A. Actual Innocence for Purposes of the Escape Hatch

In Marrero, the United States Court of Appeals for the Ninth Circuit held that a § 2241 petition arguing that a petitioner was erroneously sentenced as a career offender in light of amendments to the sentencing guidelines made after the petitioner's sentence did not qualify under the escape hatch. Id. at 1193. The Ninth Circuit reiterated, however, that it has " not yet resolved the question whether a petitioner may ever be actually innocent of a noncapital sentence for purpose of qualifying for the escape hatch." Id. The court also expressly noted that " some of our sister circuits have recognized exceptions to the general rule that a petitioner cannot be actually innocent of a noncapital sentence under the escape hatch" but that the court " need not and do[es] not decide whether to endorse any of the exceptions recognized in other circuits, because Petitioner does not qualify for any of them." Id. at 1194-95. Such exceptions might apply in this case.

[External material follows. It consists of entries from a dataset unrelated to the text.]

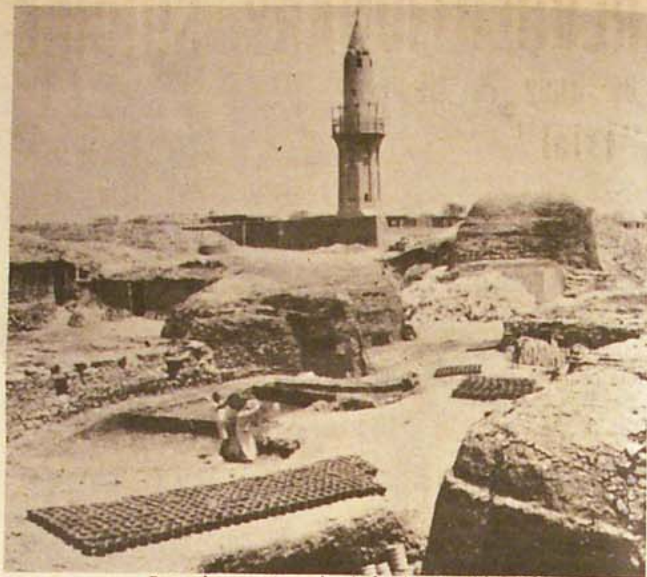
Potter's quarter on buried ruins outside of Cairo.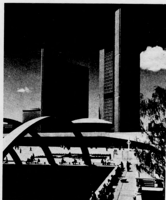
Nathan Phillips Square is a good place to go on New Years Eve.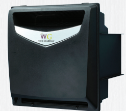
Freestanding (wall-mounted) humidifier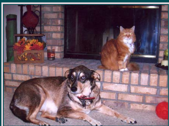
Our Dog, Ice and Our Cat, Liza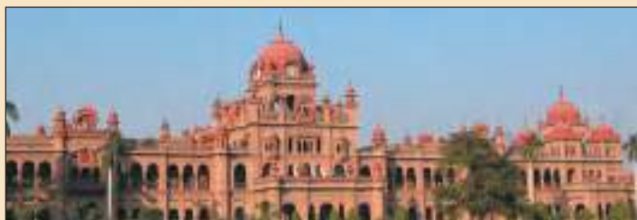
Fig. 20 – Khalsa College, Amritsar, established in 1892 by the leaders of the Singh Sabha movement

Reform organisations of the Sikhs, the first Singh Sabhas were formed at Amritsar in 1873 and at Lahore in 1879. The Sabhas sought to rid Sikhism of superstitions, caste distinctions and practices seen by them as non-Sikh. They promoted education among the Sikhs, often combining modern instruction with Sikh teachings.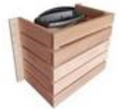
Heater security fence for electric ovens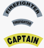
3M™ Scotchlite™ garment-style arched title tapes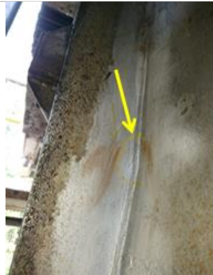
Figure 4: Weld cracking perpendicular to the main crack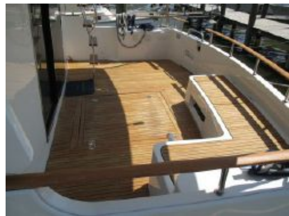
> Beneteau Swift 52 - Aft Cockpit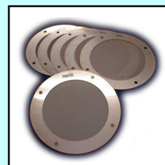
Filters for exclusive use ※Optional item

Please consult us for the size of the container.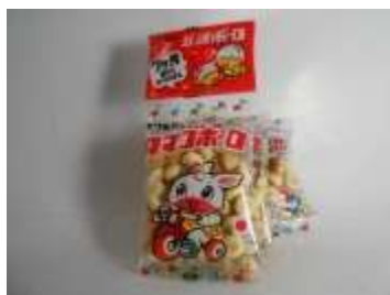
H057 (0.5 oz x 5) x 30 @五连营养小饅頭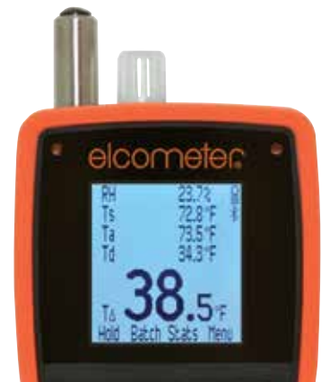
View up to 5 user selectable statistics on screen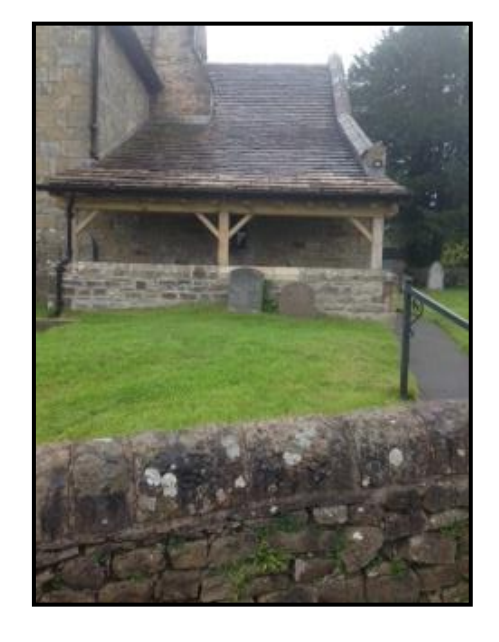
The new roof over the cellar steps

We have extended the church roof over the cellar steps to stop the flooding which has had a disastrous impact several times by damaging the boiler. The use of oak in a beautiful design, with stone roof tiles to match the existing roof has created an excellent addition to the church. We are grateful to the Friends for their generous contribution towards this project.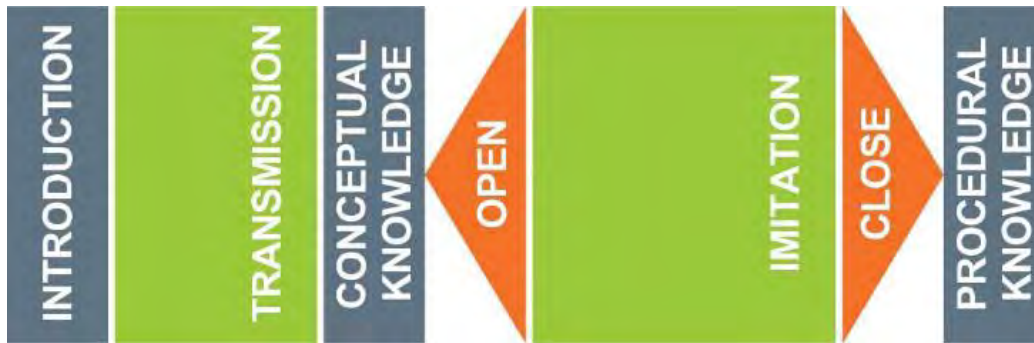
FIGURE 4: Deductive Learning Situation

with the teacher, discussing the construction model with an emphasis on conceptual understanding. By doing so, they become consciously aware of the conceptual knowledge as studied in the act of making.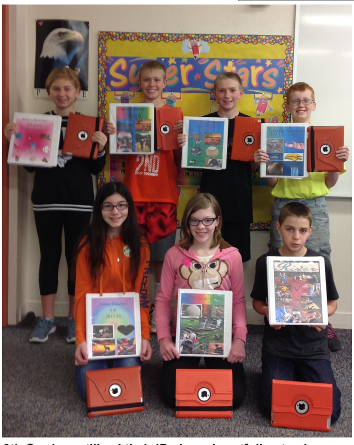
6th Graders utilized their iPads and portfolios to showcase their year for their parents. Students: job well done. Parents: thank you so much for coming.

The fourth graders are publishing their own book after all the writing they've done this year. They decided to write about what they've learned this year, what their classes were like, and some of their favorite memories. Both illustrations and digital pictures are in the book. They are learning a lot in the process and will have a cool keepsake for years to come.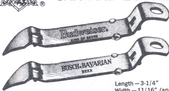
Length — 3-1/4" Width — 11/16" (approx.) Weight — 35 lbs. per M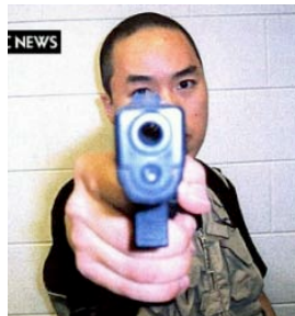
Figure 10. Seung-Hui Cho aiming at the camera

The mimicry nature of these images relates to a visual universe and a form of ritualization in the self-posing process so characteristic of this phenomenon. This interpretation is supported by later school shooting cases, as attest the two series of images produced by Seung-Hui Cho (responsible for the Virginia Tech massacre, USA, in 2007. cf. Figures 13 to 15) and Wellington De Oliveira (responsible for a school shooting in Brazil in 2011. cf. Figures 10 to 12). They undeniably relate to the same visual universe, to the same communicational and audiovisual scenario in the school shooting cultural script. These scenarios clearly find their references in movies: Figures 11 and 14 relate, for example, to situations in which an action film hero holds a gun in each hand to get rid of the enemy surrounding him.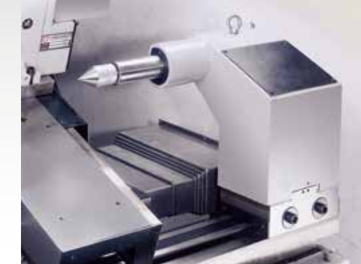
尾座 Tail Stock 可程式頂針行程100mm Programmable quill with stroke 100mm and MT4 taper.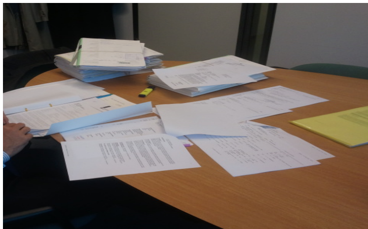
Figure 2: Juxtaposing conflicting accounts, a yellow marker ready

Judges, too, engage in such informational jiggling activities - although they, unlike clerks, may prefer to use yellow markers in their highlighting practices (see Figure 2).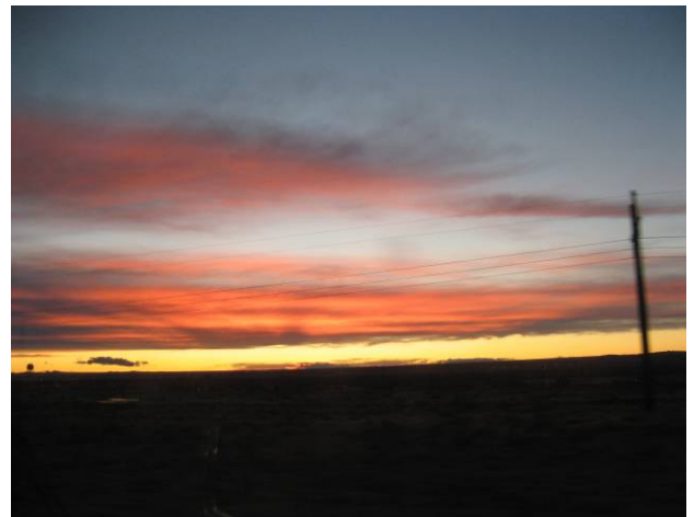
Sunset, I-25 near Bernalillo, Feb 8, 2009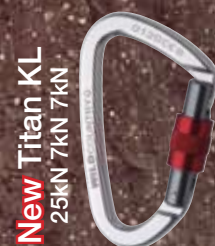
New Titan KL 25kN 7kN 7kN

2010 brings in the Ion, two new Synergy's and a re-worked Titan which means this expansive range has a screwgate for every occasion; from runners to belay, aid or instruction. Equally importantly all these lockers now have Keylock (no-hook) noses giving slicker access and better rope clipping at all times. All Lockers are 3 Sigma Rated, UIAA 121, CE EN 12275, 10kN proof loaded.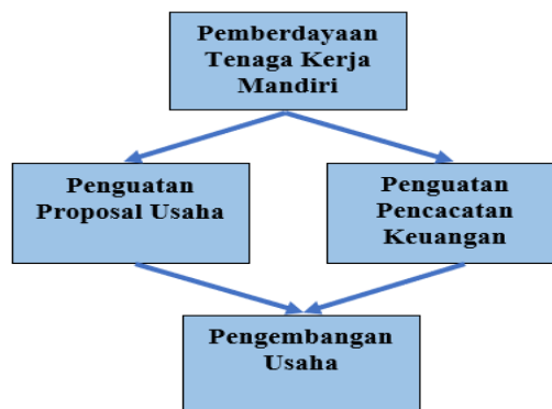
Figure 2. Flow of Thought of Independent Workforce Assistance Activities

The stages of the activity are as follows, namely (1) Socialization of the program which was attended by 20 members who were representatives of 10 activity partner groups in Baun Bango Village, Kamipang District, Kasongan Regency and was also attended by the Head of Baun Bango Village at the Village Hall at the beginning of the activity, (2) Counseling was carried out by means of direct communication with 20 group representatives from the activity partners and continued with interactive discussions with material strengthening business proposals and strengthening business financial records, (3) Training which was attended by 20 group representative members who became activity partners with material including introduction, techniques, and practices directly both for making business proposals and making business financial records as reinforcement, (4) Assisting directly with 20 members who are group representatives from 10 (ten) groups that are activity partners for strengthening proposals business and strengthening of business financial records. The train of thought of independent labor mentoring activities is shown in the following figure 2.

1. Limited Exceptions for Retroactively Applicable Supreme Court Statutory Decisions

a. Seventh Circuit Brown Exception

One potential exception relevant to the pending Petition is recognized by the Seventh Circuit Court of Appeals.[2] In Brown v. Caraway, decided several months after Marrero, the Seventh Circuit applied a narrow exception to the categorical bar on § 2241 petitions challenging sentencing enhancements where: (1) the petitioner was sentenced in the pre- Booker era when the guidelines were considered mandatory; [3] (2) there is a retroactive statutory interpretation opinion by the United States Supreme Court rendering the sentencing court's decision unlawful; and (3) at the time of the first § 2255 petition, there was binding precedent foreclosing the argument made in the pending § 2241 petition. 719 F.3d 583, 585-86 (7th Cir. 2013).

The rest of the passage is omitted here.